Deu logo conta do erro, corrigiu-o e explicou-me que o que estava definido como praia do Castelo Velho era na verdade um promontório que se prolongava mar adentro. Segundo o mestre, deu-se, há muito tempo atrás, num dia de tormenta, um naufrágio de um navio que transportava madeira. Os marinheiros acabaram todos por se salvar subindo aquele braço de rocha, mas este porém foi condenado a chamar-se pelo nome do navio que tomou: Castelo Velho.
O mestre mostrou-se também algo incomodado com as mudanças dos nomes das praias, chegamos ambos à conclusão que todo o nome dado tem um significado e uma história, perdido no tempo, ou imortalizado até a ultima memória deste se perder com a morte de anciãos como este mestre. Ele falava do antigo nome da Praia D'Amália, que era desde que ele se lembrava a Praia da Seiceira e que nem mesmo quando ele servira na Marinha e lá teve de ir recolher duas peças de artilharia, que lá tinham dado à costa, esta não mudara de nome para relembrar tal facto. Infelizmente estava cansado e sem água, e vi-me por isso obrigado a retirar-me para satisfazer essas necessidades, apesar da minha vontade ser ficar e aprender tudo o que pudesse daquela fonte de sabedoria.
Um dos últimos moinhos tradicionais do Algarve
A ponte que faz fronteira entre o Algarve e o Alentejo
Os caminhos que me levam do parque de campismo até à praia de Odeceixe
A paisagem que me fez companhia até a Azenha do Mar
Porto de pesca de Azenha do Mar
O caminho pare e após da Praia D'Amália
O caminho até a Zambujeira do Mar.
(...)
Acordo com uma manhã esplêndida para quem procura praia, para mim está um inferno, desmonto a tenda depois de um revigorante banho quente, já com a mochila às costas despeço-me do Buba (Bruno) e do Pedro, dois compinchas de Lisboa, com quem travei amizade ontem enquanto me instalava no parque, são duas personagens dignas de uma boa comédia, sempre ébrios e com uma felicidade que lhes era natural, tirando quando faziam frequentes pausas para se insultarem, despedimo-nos com intenção, se o acaso permitir, de nos voltarmos a ver na noite de Lisboa, quando estiver em melhores condições físicas para uma maratona de alcoolémia e festa. Fico a saber que o responsável pelo parque é também um caminhante por excelência e já palmilhou vastas áreas em território português, suíço, brasileiro, argentino e uruguaio, talvez um dia possa fazer o mesmo.

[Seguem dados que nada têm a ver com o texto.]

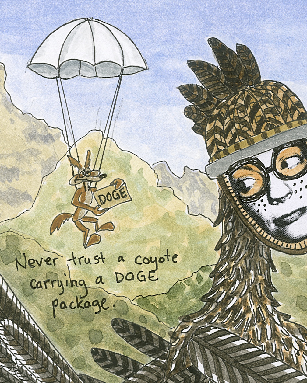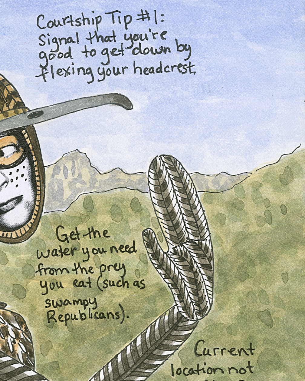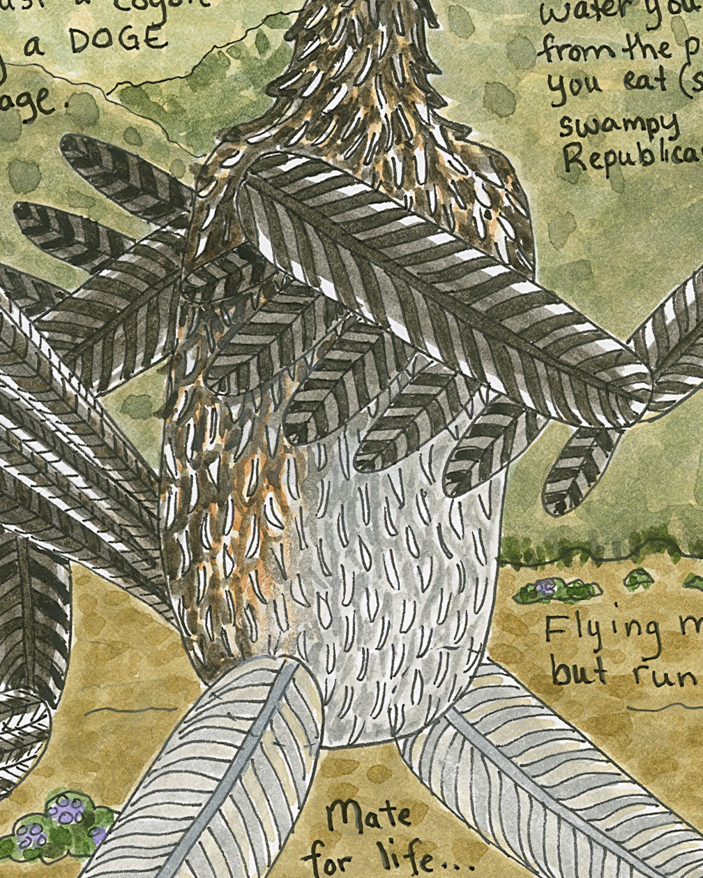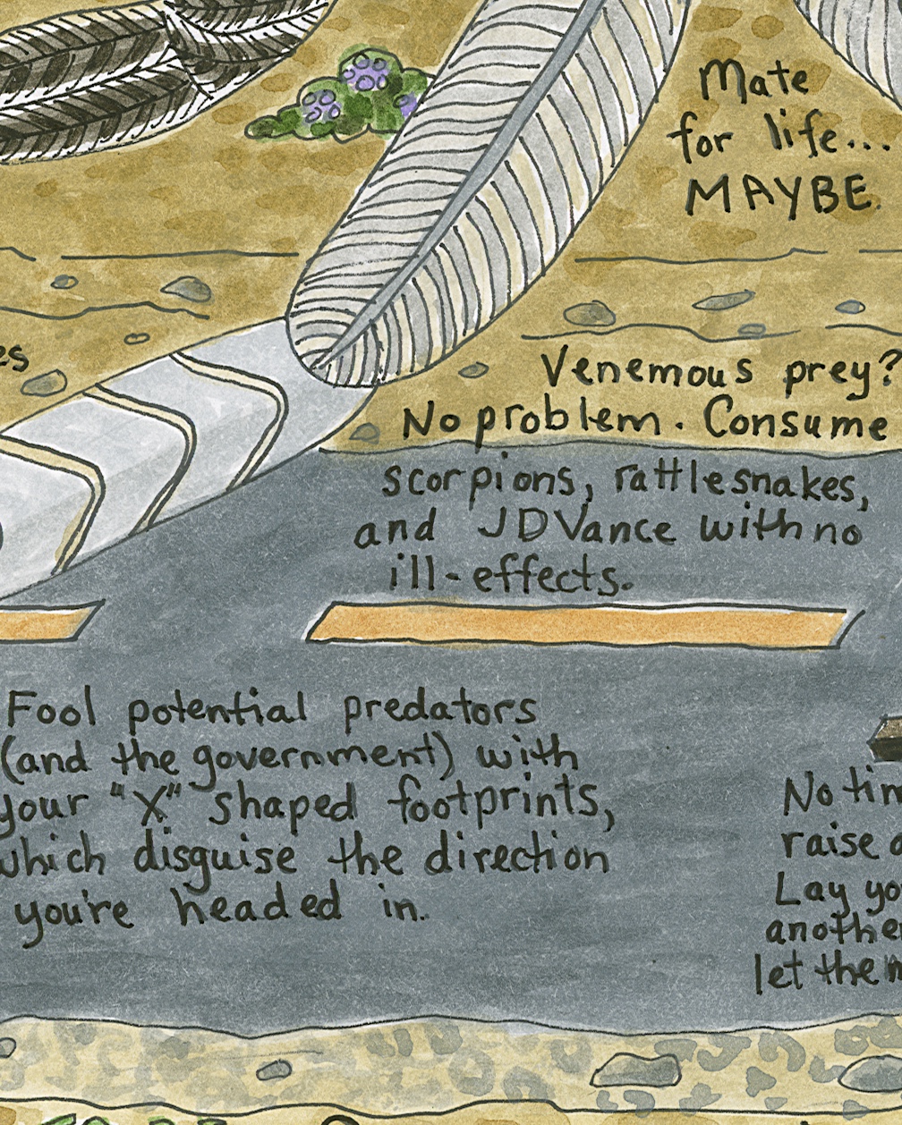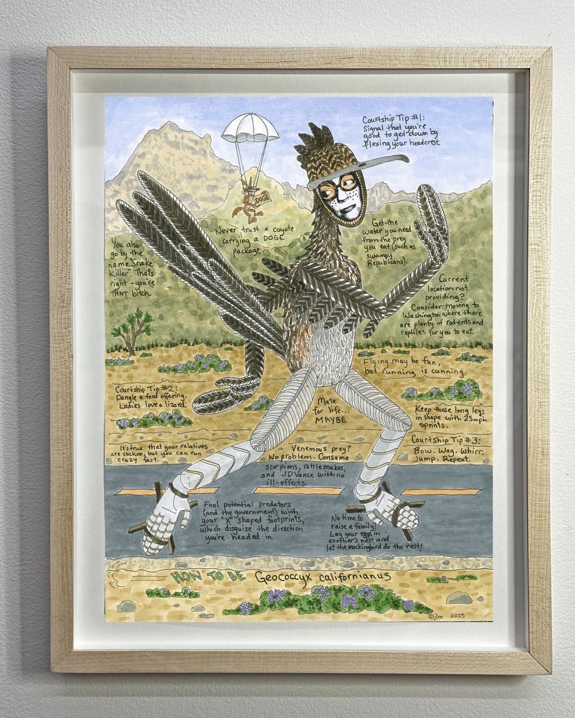 How To Be Geococcyx californianus AKA: How To Be A Greater Roadrunner, ink, watercolor, collage on paper, 12” x 9” (15” x 12” framed in natural poplar), 2025. $POR.
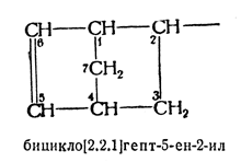 31.4. — Радикалы, полученные из мостиковых углеводородов, называют в соответствии с принципами, изложенными в правиле А—11.4. Нумерация углеводородов сохраняется, и точке или точкам присоединения даются номера настолько наиболее низкие, насколько это совместимо с нумерацией, установленной для углеводорода.
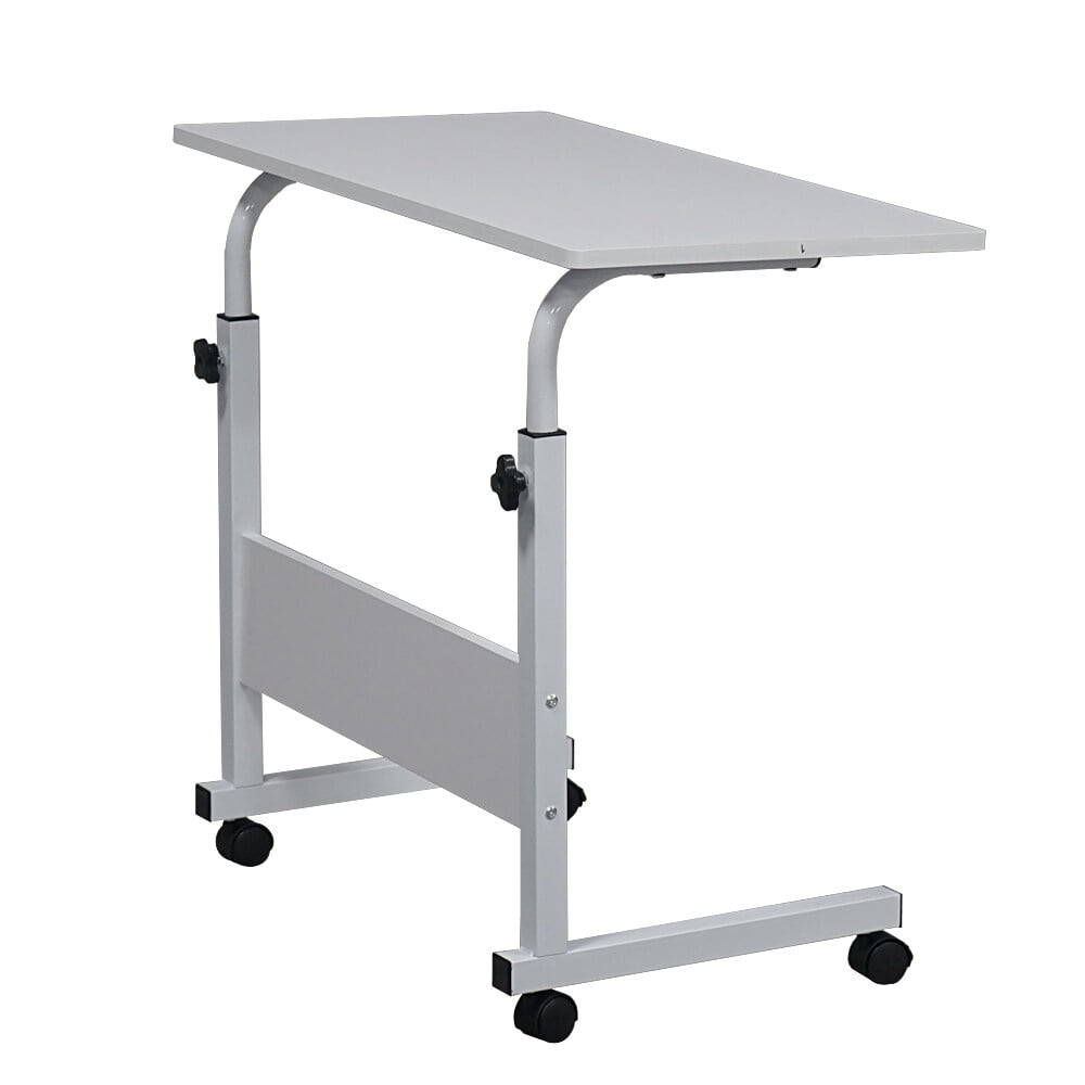UBesGoo Laptop Table Adjustable Height Standing Computer Desk Portable Stand Up Work Station Cart Tray Side Table for Sofa and Bed,White Features: The height is adjustable,to meet the different heights needs as various couches, beds, and chairs, Wheel design, moving anywhere as you wish. With elegant look and unique design, our laptop table is perfect for a standing table, a table to write, to work on your laptop, watch movies, or present project presentations at work. There are 4 casters on the base so that you can move it from here to there conveniently. And the casters are lockable, which allow you to easily lock them to make your it stationary. Round steel tube design conform to aesthetics; Plum handle easy to adjust. Using it for simple dining table, laptop computer table, studying desk, serving table or any other scenes you want for reading, writing, drawing, board games, models, puzzles, arts and crafts, trade shows, gardening. Specifications: Material: E1 15MM Chipboard & Steel Color: White Dimensions: (31.5 x 15.75 x 23.62)” / (80 x 40 x 60)cm (L x W x H) Weight: 13 lbs / 6 kg Size: L Package Includes: 1 x Removable Side Table
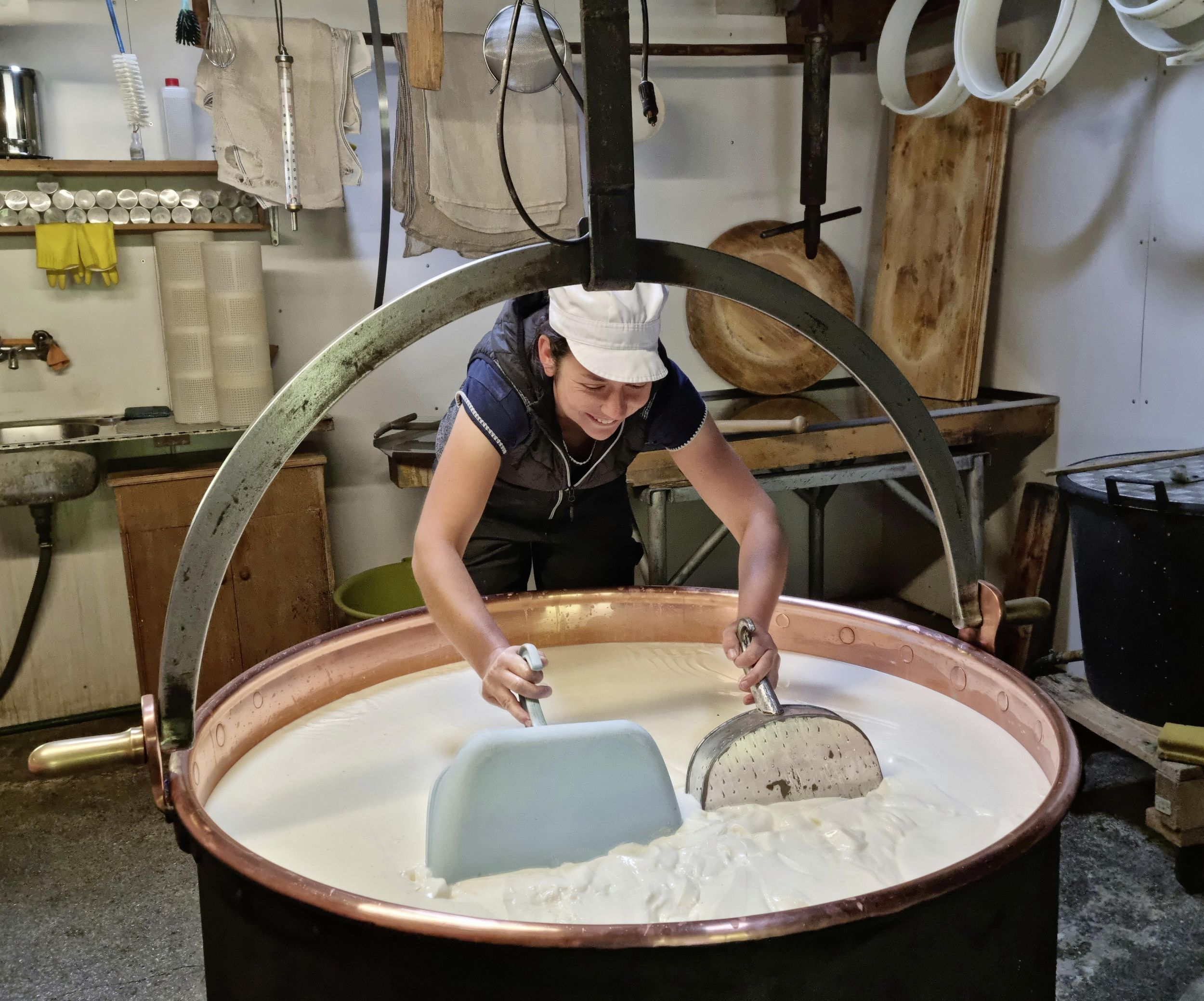 Nach dem Ausrühren holen wir den Käse mit dem «Bögli» und dem Käsetuch aus dem Chessi. Erst kühle ich meine Arme mit kaltem Wasser, bevor ich bis zu den Oberarmen in die dampfende Käsemilch eintauche. Dabei halte ich immer den Atem an. Wieso, weiss ich nicht. Doch es hilft, die heisse Temperatur auszuhalten. Sind Renate, Hansruedi und ich zusammen am Käsen, hat jeder seine Aufgaben und kennt seine Handgriffe.

Tenho o pé esquerdo numa lástima, a sapatilha direita a desfazer-se, e vejo-me por isso numa difícil situação, mas muito à português faço um desenrasque com ligaduras para o pé e uns atacadores que tinha a mais para prenderem a sola ao resto da sapatilha, e parto assim. Lembro-me do velho proverbio chinês que diz: "há três coisas que nunca voltam atrás: a flecha lançada, a palavra pronunciada e a oportunidade perdida" e admito em tom de brincadeira que eles se esqueceram dum coelho vadio que fixou uma meta.